Exercise prompt: Leaving out the pictures, return word for word the stretch of entries below from the line holding "Turistický rozcestník, který" through the line holding "1. 在模拟人生过程中,遇到".

Supplied material:

┄┄┄┄┄┄┄┄┄┄

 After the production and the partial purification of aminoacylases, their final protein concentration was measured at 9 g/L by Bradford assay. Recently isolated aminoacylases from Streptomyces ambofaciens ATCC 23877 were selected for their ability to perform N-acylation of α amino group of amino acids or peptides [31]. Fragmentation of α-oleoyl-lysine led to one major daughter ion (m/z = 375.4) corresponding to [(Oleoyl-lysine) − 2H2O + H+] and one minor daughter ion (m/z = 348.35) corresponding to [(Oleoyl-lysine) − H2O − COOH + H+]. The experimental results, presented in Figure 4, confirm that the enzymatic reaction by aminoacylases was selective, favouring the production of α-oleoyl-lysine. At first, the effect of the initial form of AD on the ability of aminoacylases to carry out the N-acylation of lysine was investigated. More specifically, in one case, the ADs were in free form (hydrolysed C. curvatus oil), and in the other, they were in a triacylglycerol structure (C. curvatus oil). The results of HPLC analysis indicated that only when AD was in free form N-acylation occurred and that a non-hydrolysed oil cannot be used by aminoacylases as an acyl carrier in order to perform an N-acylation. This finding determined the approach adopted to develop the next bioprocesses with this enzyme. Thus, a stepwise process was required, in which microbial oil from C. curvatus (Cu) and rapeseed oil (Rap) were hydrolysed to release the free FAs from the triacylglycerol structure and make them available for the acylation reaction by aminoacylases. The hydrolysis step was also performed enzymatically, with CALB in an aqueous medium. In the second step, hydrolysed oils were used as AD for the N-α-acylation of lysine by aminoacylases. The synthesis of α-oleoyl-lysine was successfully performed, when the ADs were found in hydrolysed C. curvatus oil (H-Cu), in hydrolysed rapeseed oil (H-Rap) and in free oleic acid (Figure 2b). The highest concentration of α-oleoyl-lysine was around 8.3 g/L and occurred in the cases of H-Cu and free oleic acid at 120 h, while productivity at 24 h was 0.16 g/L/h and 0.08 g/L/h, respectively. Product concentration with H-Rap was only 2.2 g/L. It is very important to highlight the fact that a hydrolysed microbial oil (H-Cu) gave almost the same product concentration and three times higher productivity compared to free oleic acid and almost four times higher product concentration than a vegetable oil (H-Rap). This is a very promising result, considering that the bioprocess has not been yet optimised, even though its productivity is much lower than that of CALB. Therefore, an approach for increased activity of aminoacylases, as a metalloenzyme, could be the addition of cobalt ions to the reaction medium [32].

┄┄┄┄┄┄┄┄┄┄

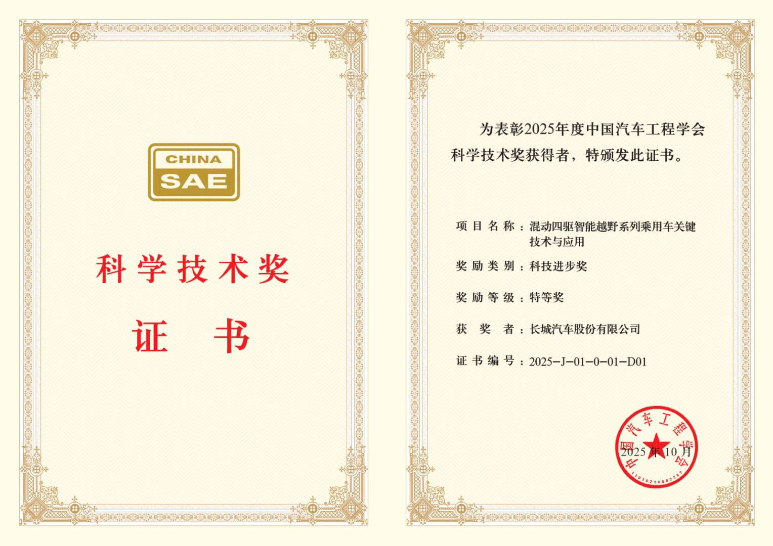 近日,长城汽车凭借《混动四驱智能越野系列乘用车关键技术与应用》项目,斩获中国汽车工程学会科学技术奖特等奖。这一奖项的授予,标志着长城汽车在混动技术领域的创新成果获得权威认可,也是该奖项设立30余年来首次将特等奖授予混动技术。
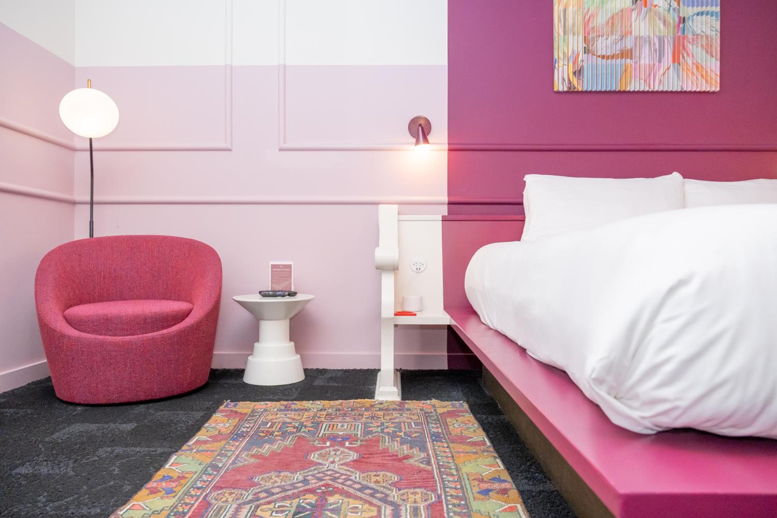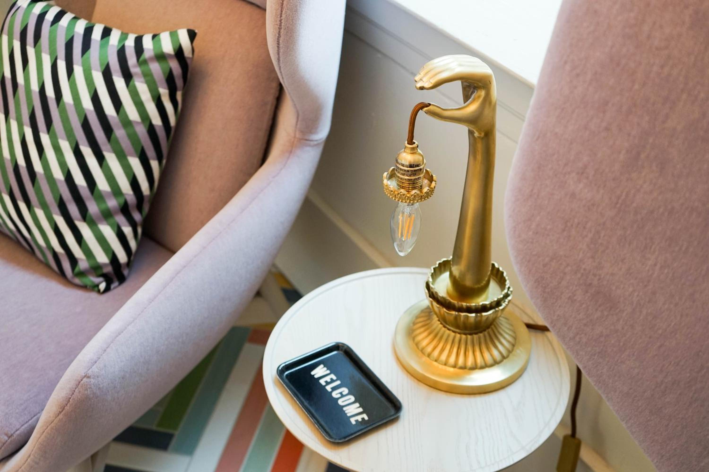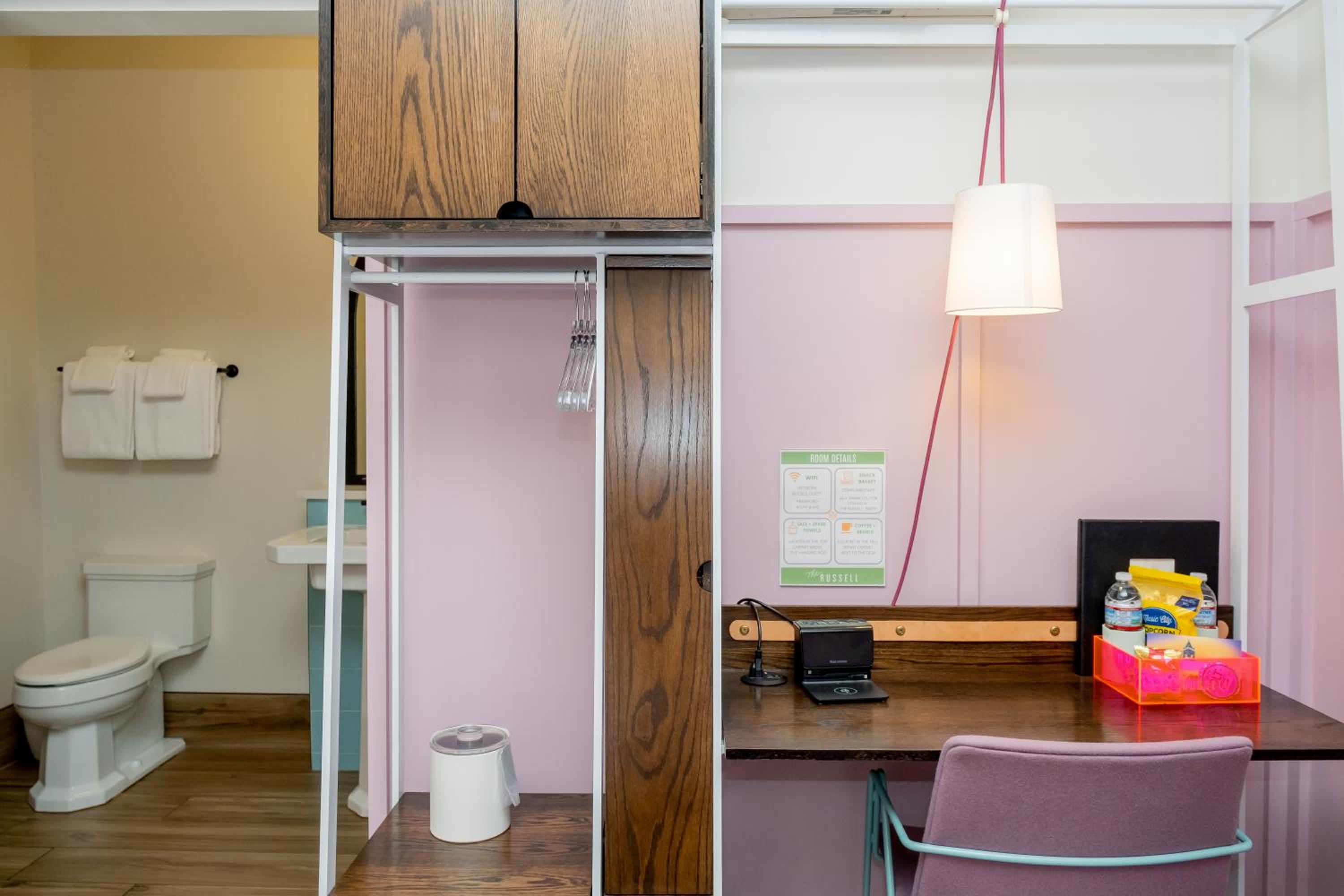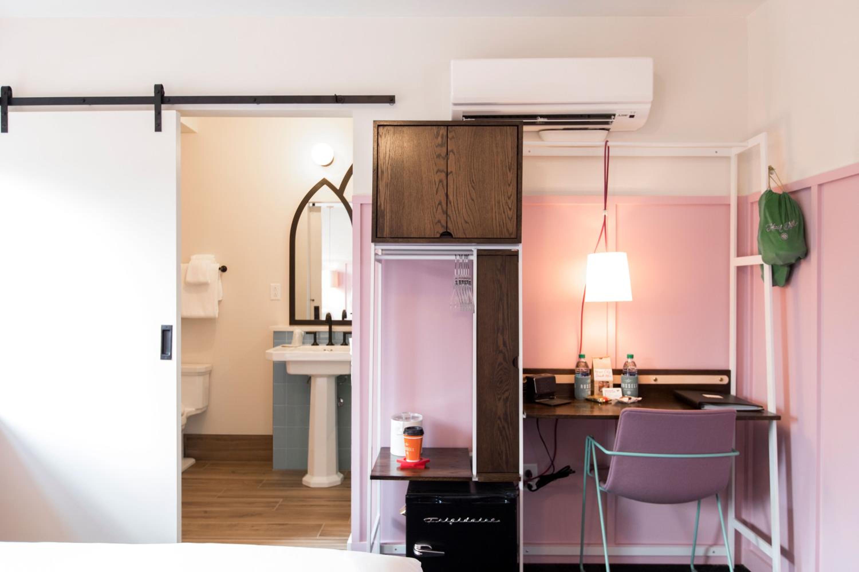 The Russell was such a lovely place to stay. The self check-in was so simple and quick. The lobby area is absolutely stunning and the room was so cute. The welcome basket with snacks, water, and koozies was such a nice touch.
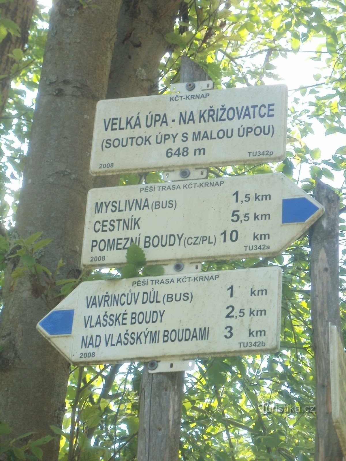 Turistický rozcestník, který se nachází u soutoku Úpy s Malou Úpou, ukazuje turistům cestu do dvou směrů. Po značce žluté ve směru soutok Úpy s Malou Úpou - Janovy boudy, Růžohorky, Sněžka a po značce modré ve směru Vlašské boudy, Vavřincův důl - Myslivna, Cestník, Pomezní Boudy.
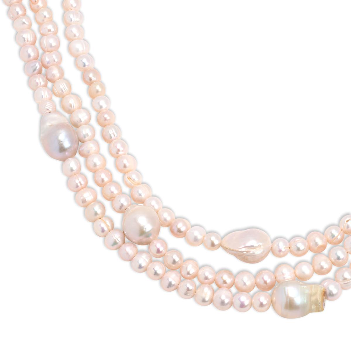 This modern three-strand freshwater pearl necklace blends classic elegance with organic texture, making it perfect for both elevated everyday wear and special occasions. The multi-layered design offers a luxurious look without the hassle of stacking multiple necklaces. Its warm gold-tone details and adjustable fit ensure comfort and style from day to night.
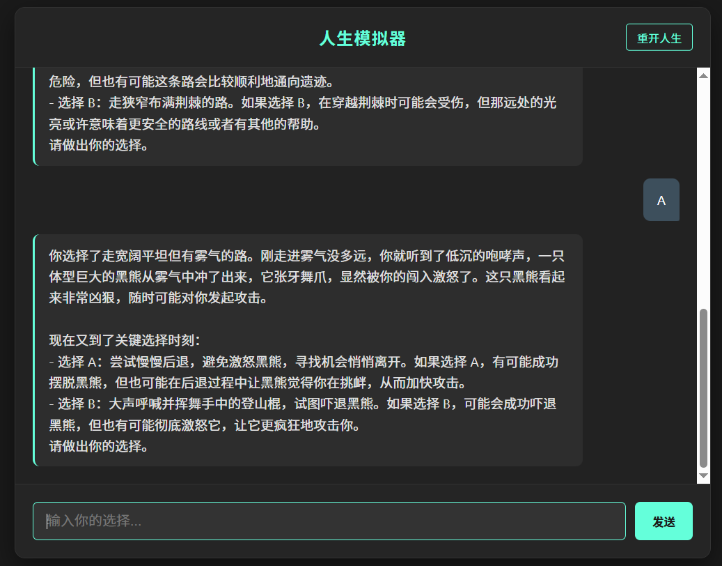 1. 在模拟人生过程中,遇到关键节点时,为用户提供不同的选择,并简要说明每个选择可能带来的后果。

┄┄┄┄┄┄┄┄┄┄

Expected answer:
 Turistický rozcestník, který se nachází u soutoku Úpy s Malou Úpou, ukazuje turistům cestu do dvou směrů. Po značce žluté ve směru soutok Úpy s Malou Úpou - Janovy boudy, Růžohorky, Sněžka a po značce modré ve směru Vlašské boudy, Vavřincův důl - Myslivna, Cestník, Pomezní Boudy.
 This modern three-strand freshwater pearl necklace blends classic elegance with organic texture, making it perfect for both elevated everyday wear and special occasions. The multi-layered design offers a luxurious look without the hassle of stacking multiple necklaces. Its warm gold-tone details and adjustable fit ensure comfort and style from day to night.
 1. 在模拟人生过程中,遇到关键节点时,为用户提供不同的选择,并简要说明每个选择可能带来的后果。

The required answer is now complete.